By Emily Cox
According to a new lawsuit, manufacturers knew that heavyweight Bard mesh product lines, Composix E/X (CEX) Mesh and Ventrio Patch, were unreasonably dangerous but continued promoting them regardless, going so far as to pay off members of the medical community to recommend and use the defective devices.
Maureen Lumby filed the complaint earlier this month in the Western District of Missouri. She named C.R. Bard, its Davol, Inc. unit, and Red Oak Sales, Inc. as defendants.
Lumby underwent hernia repair surgery in March 2006, receiving a Bard CEX patch. However, the Bard mesh inevitably failed due to inconsistent constriction of the CEX’s two materials. This caused the mesh to fold and pull away from the implant site. Consequently, Lumby had to undergo another invasive surgery to remove it in July 2012.
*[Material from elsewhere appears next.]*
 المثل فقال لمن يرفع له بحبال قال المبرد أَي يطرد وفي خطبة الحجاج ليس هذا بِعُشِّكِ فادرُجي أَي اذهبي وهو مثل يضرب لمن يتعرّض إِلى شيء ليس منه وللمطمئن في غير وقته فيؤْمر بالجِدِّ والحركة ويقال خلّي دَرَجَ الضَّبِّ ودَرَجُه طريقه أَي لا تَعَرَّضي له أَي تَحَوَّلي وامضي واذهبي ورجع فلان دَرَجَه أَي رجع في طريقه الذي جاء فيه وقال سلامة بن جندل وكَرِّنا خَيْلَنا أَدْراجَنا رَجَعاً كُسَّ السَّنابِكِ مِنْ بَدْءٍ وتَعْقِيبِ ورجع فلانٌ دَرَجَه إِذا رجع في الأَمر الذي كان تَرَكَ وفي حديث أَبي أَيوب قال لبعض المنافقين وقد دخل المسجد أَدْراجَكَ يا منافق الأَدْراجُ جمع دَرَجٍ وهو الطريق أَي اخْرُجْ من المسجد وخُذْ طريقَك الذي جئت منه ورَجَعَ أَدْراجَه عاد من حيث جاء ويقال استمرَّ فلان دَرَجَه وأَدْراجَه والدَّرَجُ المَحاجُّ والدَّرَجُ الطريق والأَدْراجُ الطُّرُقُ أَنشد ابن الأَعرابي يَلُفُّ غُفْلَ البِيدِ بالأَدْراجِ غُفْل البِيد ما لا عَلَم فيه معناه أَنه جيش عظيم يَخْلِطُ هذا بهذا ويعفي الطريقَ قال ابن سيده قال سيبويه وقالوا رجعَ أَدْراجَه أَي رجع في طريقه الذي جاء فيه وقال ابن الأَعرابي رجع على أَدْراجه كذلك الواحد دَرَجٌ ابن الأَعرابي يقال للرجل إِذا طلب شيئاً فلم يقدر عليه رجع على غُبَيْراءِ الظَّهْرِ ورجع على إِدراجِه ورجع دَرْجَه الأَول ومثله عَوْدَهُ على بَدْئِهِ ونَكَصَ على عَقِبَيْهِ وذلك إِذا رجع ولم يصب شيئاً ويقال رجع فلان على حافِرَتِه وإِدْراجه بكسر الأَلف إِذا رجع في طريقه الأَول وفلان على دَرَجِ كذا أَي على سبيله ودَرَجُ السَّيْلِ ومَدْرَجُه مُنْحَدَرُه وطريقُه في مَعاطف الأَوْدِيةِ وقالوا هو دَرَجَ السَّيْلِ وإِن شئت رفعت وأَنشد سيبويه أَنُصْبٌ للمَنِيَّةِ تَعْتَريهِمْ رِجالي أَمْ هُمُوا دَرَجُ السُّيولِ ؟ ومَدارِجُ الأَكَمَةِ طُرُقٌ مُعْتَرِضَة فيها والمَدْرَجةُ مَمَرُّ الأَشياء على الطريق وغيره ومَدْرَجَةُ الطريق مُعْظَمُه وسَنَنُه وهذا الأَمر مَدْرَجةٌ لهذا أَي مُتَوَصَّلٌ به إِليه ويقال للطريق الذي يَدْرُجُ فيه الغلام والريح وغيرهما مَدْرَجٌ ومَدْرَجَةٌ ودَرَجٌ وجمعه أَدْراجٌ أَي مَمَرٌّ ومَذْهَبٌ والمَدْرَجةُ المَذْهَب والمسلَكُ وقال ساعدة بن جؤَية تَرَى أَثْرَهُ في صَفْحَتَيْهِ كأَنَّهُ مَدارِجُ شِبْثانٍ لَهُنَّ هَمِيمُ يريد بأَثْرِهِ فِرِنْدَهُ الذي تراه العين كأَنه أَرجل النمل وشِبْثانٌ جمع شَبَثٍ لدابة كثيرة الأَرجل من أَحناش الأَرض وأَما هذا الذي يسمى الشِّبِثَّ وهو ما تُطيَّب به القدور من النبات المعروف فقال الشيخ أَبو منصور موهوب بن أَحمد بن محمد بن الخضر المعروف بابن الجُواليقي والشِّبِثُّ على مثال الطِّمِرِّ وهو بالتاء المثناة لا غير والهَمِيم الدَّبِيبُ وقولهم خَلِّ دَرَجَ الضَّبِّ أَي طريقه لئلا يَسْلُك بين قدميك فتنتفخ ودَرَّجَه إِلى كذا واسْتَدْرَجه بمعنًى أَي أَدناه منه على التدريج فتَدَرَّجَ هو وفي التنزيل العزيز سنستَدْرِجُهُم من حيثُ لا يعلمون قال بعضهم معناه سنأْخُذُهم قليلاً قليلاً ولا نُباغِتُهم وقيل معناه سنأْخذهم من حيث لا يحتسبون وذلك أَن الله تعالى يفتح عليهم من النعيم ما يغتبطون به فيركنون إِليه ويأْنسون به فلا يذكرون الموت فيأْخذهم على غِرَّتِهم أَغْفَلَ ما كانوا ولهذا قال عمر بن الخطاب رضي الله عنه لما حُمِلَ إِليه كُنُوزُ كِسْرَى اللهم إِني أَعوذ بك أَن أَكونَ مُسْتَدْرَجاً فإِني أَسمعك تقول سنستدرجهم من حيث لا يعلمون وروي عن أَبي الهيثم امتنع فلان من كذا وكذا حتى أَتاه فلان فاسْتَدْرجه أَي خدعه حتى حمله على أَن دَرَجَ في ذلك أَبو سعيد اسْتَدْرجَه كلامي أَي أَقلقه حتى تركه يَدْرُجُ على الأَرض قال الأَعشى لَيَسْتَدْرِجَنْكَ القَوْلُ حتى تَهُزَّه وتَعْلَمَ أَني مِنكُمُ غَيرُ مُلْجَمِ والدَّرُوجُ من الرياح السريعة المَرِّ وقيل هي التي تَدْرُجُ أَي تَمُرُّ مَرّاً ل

Doctors replaced the defective mesh with another Bard mesh product, the Ventrio Patch. The heavyweight mesh failed just as surely as its predecessor. Again, the Bard mesh had folded. However, this time it became adhered to her small bowel. Due to this, she had to undergo extensive surgery in October 2014 to “strip the bowel off the mesh.”
Bard Mesh Manufacturers Knew Products Were Defective
Lumby’s claim indicates that the Bard mesh manufacturers and distributor knew that these products had substantial risks due to their heavyweight designs and substantially smaller pore size than other mesh products. Consequently, these factors caused the mesh material to harbor infections, degrade, react with human tissues, move out of position, and erode into nearby organs and tissues. Furthermore, the products regularly failed, causing recurring hernias and the need for additional surgery. Despite these dangers, Bard and its distributor turned a blind eye to patients’ health, keeping their sights on their mutual bottom lines.
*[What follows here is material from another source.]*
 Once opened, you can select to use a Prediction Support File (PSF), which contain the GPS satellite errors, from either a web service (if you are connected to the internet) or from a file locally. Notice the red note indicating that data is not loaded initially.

“Defendants provided incomplete, insufficient, and misleading information to physicians in order to increase the number of physicians using the CEX and Ventrio and therefore increase its sales,” the lawsuit states.
Furthermore, the lawsuit alleges that the Bard mesh manufacturers and distributor “paid doctors, surgeons, physicians, and/or clinicians to promote CEX and Ventrio.”
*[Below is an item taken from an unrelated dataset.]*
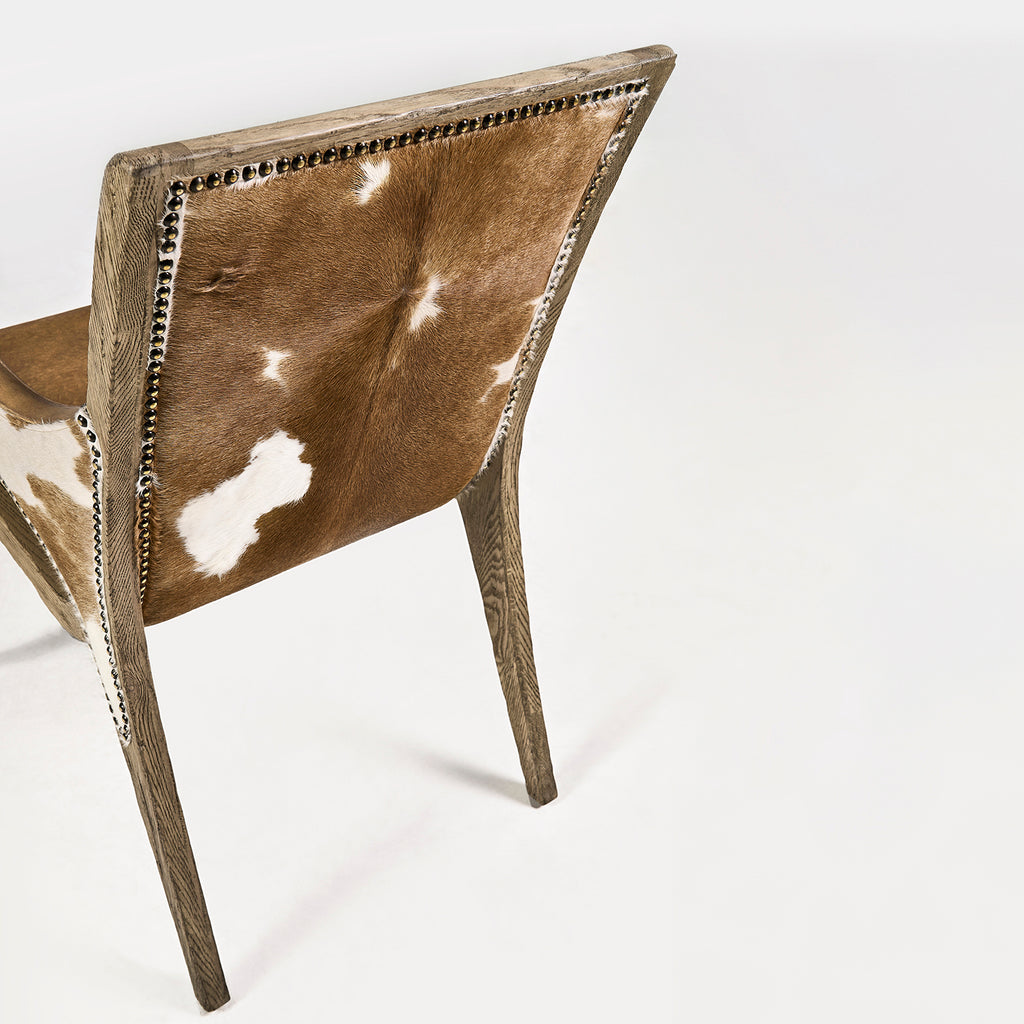 The Echo Canyon Arm Chair is a stunning blend of rustic charm and refined style. Upholstered in luxurious hand-stained leather, this chair is enhanced by distinctive cowhide side arm and nail head accents, adding a unique, natural touch that sets it apart. The faded oak frame brings warmth and character, offering a sturdy and elegant foundation. CRAFTED FROM NATURAL HIDES, EACH PIECE FEATURES UNIQUE VARIATIONS IN PATTERN AND COLOR, ENSURING NO TWO ARE EXACTLY ALIKE. A ONE-OF-A-KIND STATEMENT OF AUTHENTICITY AND STYLE.

And, they didn’t stop with the medical community. They also concealed adverse event reports from the FDA and other regulatory agencies worldwide. The Bard mesh manufacturers even “manipulated, altered, skewed, slanted, misrepresented, and/or falsified pre-clinical studies to bolster the perceived performance of the CEX and Ventrio.”
Bard publicly concealed and denied the dangers of the mesh products’ heavyweight designs. However, despite these assertions, they have now changed all of its heavyweight mesh designs to lightweight mesh. Bard’s internal data also confirms that these modified devices are substantially safer.
Lumby’s Bard mesh case joins a growing number of hernia mesh lawsuits over dangerous design defects. Most of the cases involve Atrium C-Qur mesh and Ethicon Physiomesh. However, Lumby’s claim indicates that the size and scope of the hernia mesh litigation continues to grow.